White political journalists distanced themselves from the horrors of the Trump administration in a way many of us couldn’t. The parasitic relationship between a certain class of political journalists and the Trump administration was the worst-kept secret in Washington.
For over four years, previously obscure reporters leveraged their access to a media-hungry White House to land cushy analyst gigs in cable news, six-figure book deals, and public adoration. Above all, however, this class of reporters loved the thrill of being at the heart of the biggest story in generations.

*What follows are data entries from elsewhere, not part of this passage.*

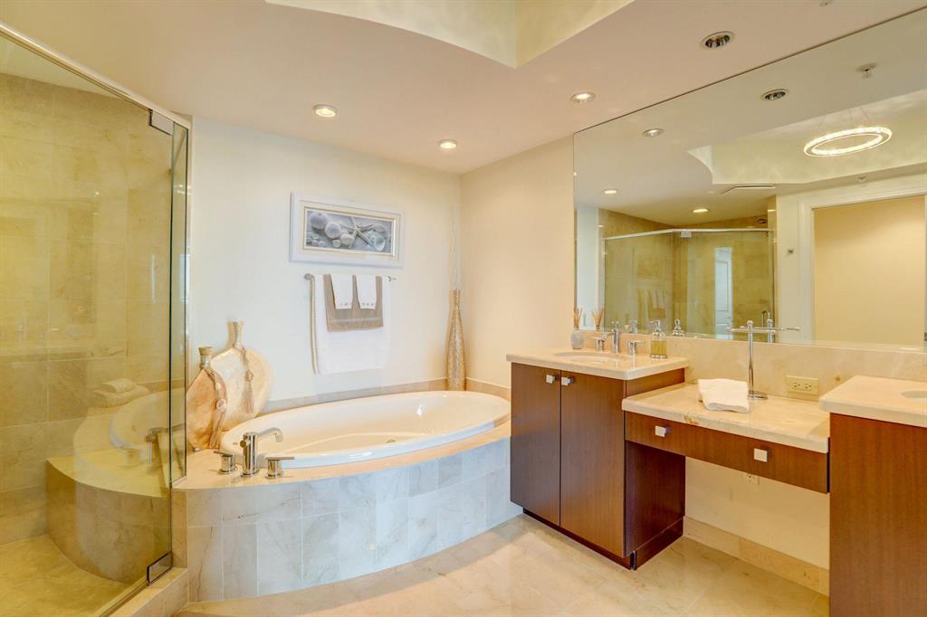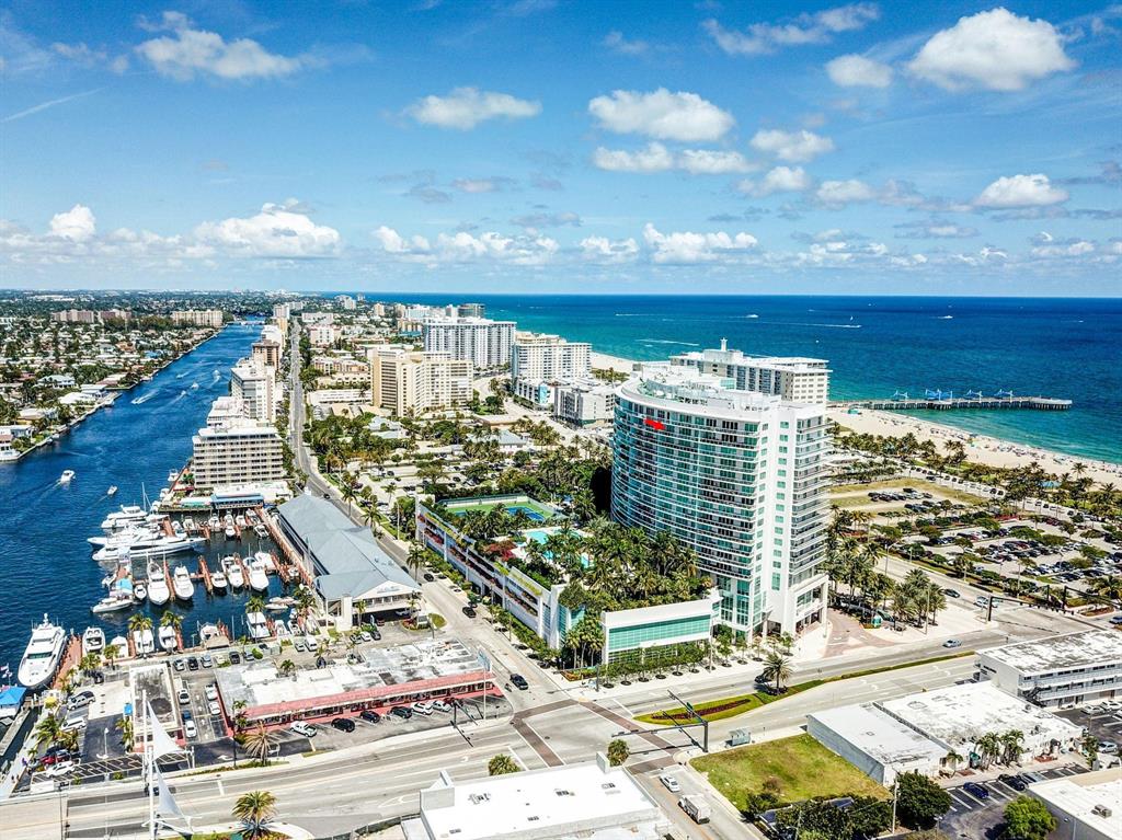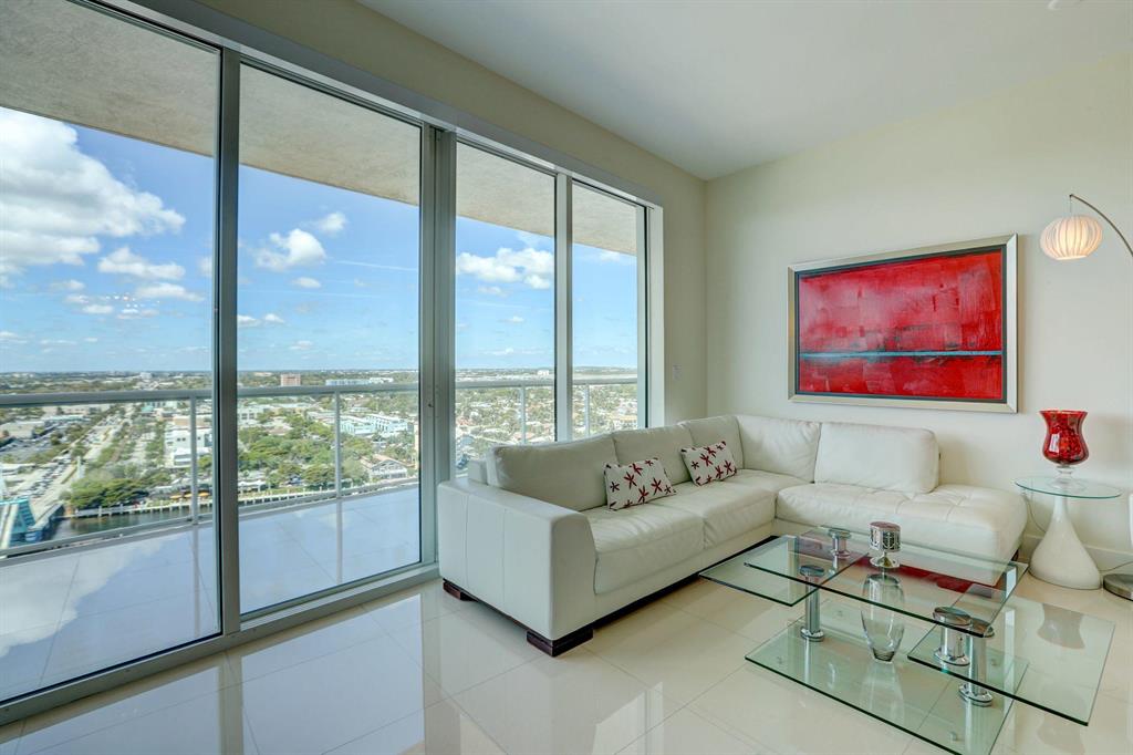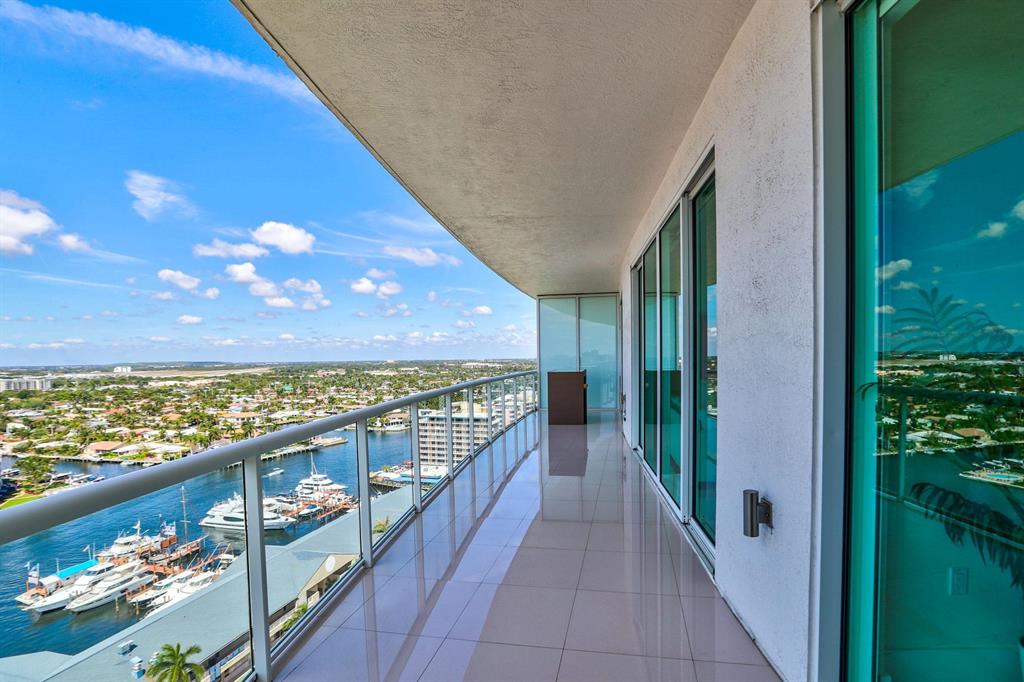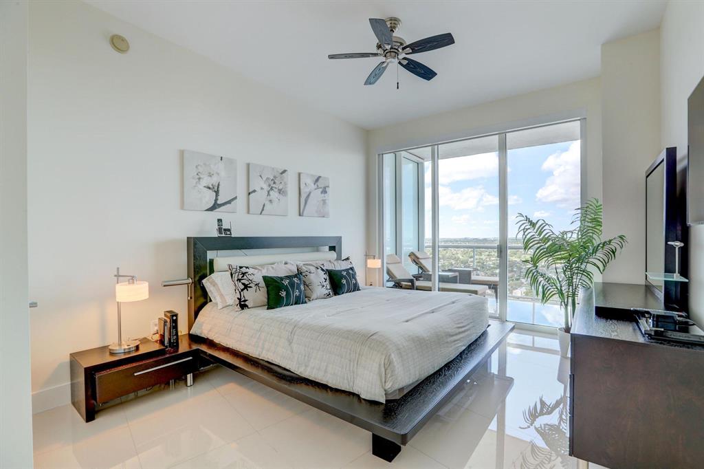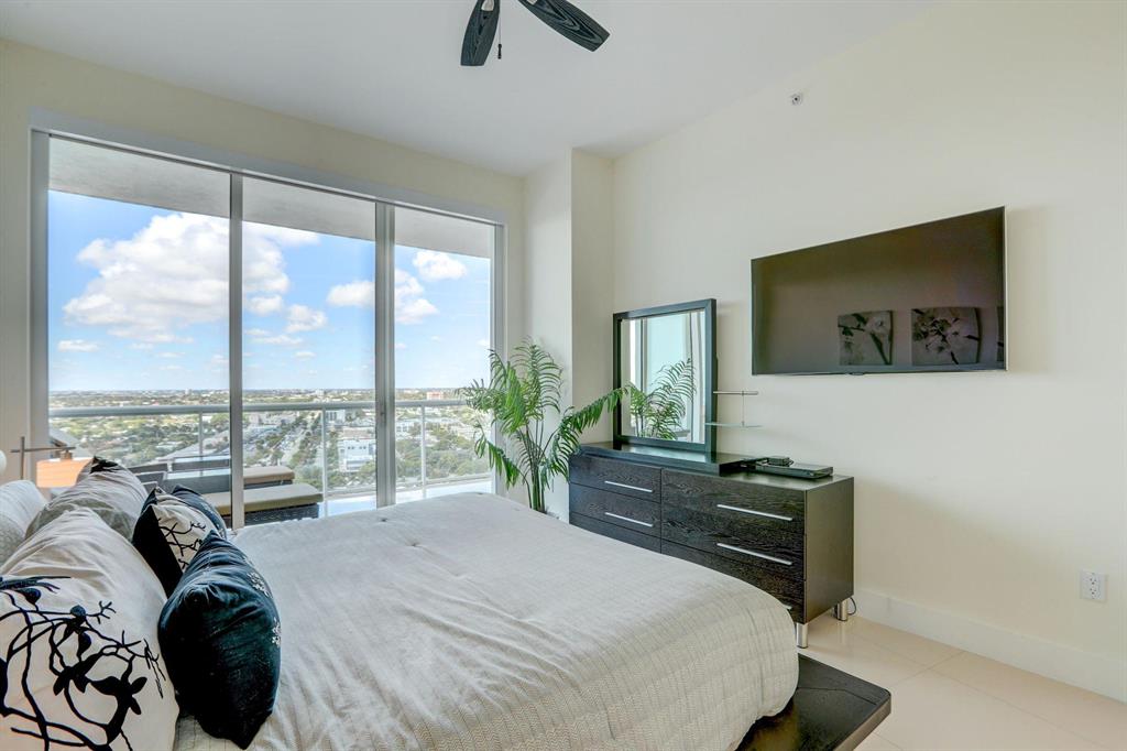 Luxurious, fully furnished sky residence on the 17th floor with 2 deeded garage parking spaces! Impeccably maintained and ready for you to host happy hour while the sun sets over the Intercoastal. High end European kitchen with Viking appliances, Poggenpohl cabinetry, granite counter tops and a full sized wine cooler. Amazing views of the Intercoastal and ocean from your 48' covered balcony. The entire unit boasts polished travertine floors making it light and bright. Motorized blinds in all rooms add a level of luxury to this condo. The amenities in the Plaza at Oceanside are second to none - pool, hot tub, outdoor summer kitchens, tennis, gym, media room, wine vault and golf simulator. One bike is included so get ready to explore the area when you move in!! This condo is perfection.
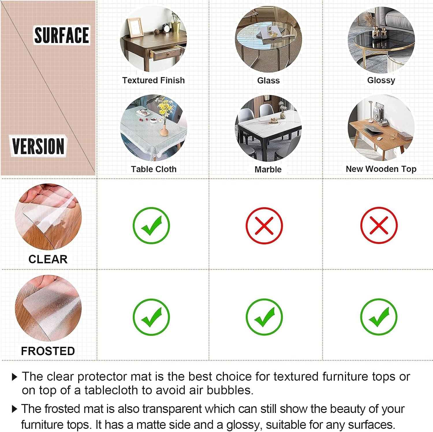 Versatile Applications: This scratch resistant table protector is highly recommended as a furniture surface protection. Great for wooden /marble/ glass tables; dining tables; office writing desks; computer desks; TV tables; dresser table; kitchen countertops; drafting tables; bedside tables; nightstand, nail table; RV tables; party tables, buffet tables, chair mats; hard floors, protect your expensive furniture from damage
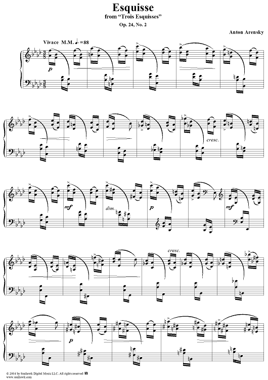 "Esquisse No. 2 in A-flat Major, from "Trois Esquisses", Op. 24" Sheet Music by Anton Arensky
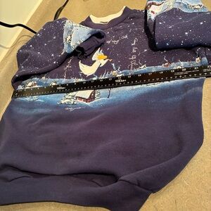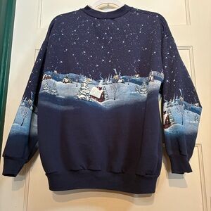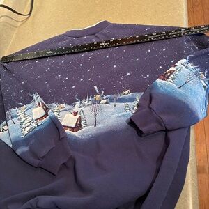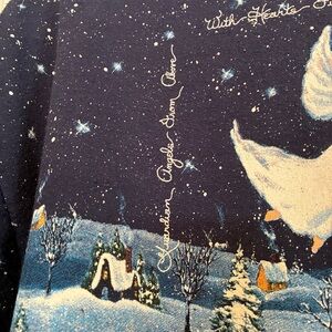 I admire the artistry and quote of this vintage Made in USA in Glen Flora, Wisconsin, Christmas sweatshirt. Could be considered an Ugly Christmas sweatshirt due to size of design spreading from the front, encompassing the sleeves, and culminating in the back. Party goers may ask you to turn slowly and hold up your arms.
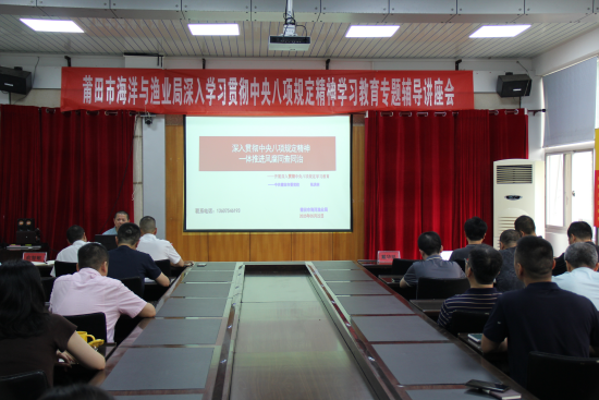 为深入学习领会习近平总书记关于加强党的作风建设的重要论述,5月22日上午,莆田市海洋与渔业局召开深入贯彻中央八项规定精神学习教育专题辅导讲座。邀请市委党校、市行政学院张洪林副教授作“深入贯彻中央八项规定精神 一体推进风腐同查同治”专题辅导讲座,讲座由局党组成员、副局长韩云飞主持,局机关、执法支队、水技站、环境监测站、水科所全体党员干部职工参加。
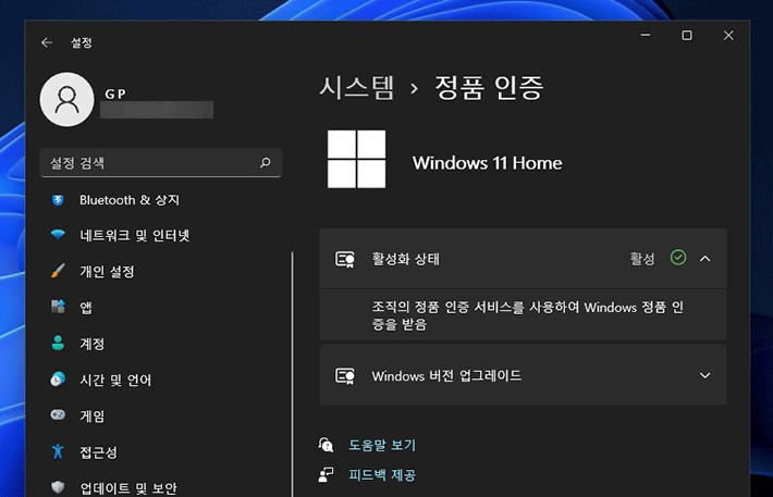 윈도우 설정 > 시스템 > 정품 인증 화면으로 이동해 Windows 11 에디션 정보 화면에서 정품 활성화 상태를 확인합니다.

A few weeks into a new administration, people like Yahoo! News national correspondent Alexander Nazaryan are already mourning the departure of the White House’s previous occupant. “I use that word, thrill, with full intention,” Nazaryan writes in a quickly reviled new essay for The Atlantic. “No need to tell me about the cruel immigration policy, the incompetent pandemic response, the racism and bigotry, the frightening chaos.”
It’s great to know some of my colleagues had the option to opt-out of the horror. The essay, originally titled “I Miss the Thrill of Trump” — and since renamed “I Was an Enemy of the People” — is as bad as the headlines suggest. Nazaryan’s ahistorical, narcissistic rewriting of the past several years is a clear reminder that for many, it was easy to embrace the chaos because they were never going to feel the full brunt of the president’s policies.
“I was kind of blocked on something I’m writing, it’s always invigorating to realize someone published something much worse,” tweeted Dave Weigel from the Washington Post. “Would just like to say on behalf of my fellow journalists that most of us do NOT have delusions of grandeur about being war heroes, we literally just ask people questions and sit at laptops all day and go click-clack,” wrote BuzzFeed News’ Julia Reinstein.
Even within the halls of The Atlantic, the piece was mocked. “There were journalists who had to do our jobs over the past five years with a steady hum of dread in the background over what might happen to our loved ones,” staff writer Adam Serwer tweeted in response, “and there were those of us who were just having a good time covering an ‘exciting’ story.”
It was easy to embrace the chaos — because they were never going to feel the full brunt of the president’s policies.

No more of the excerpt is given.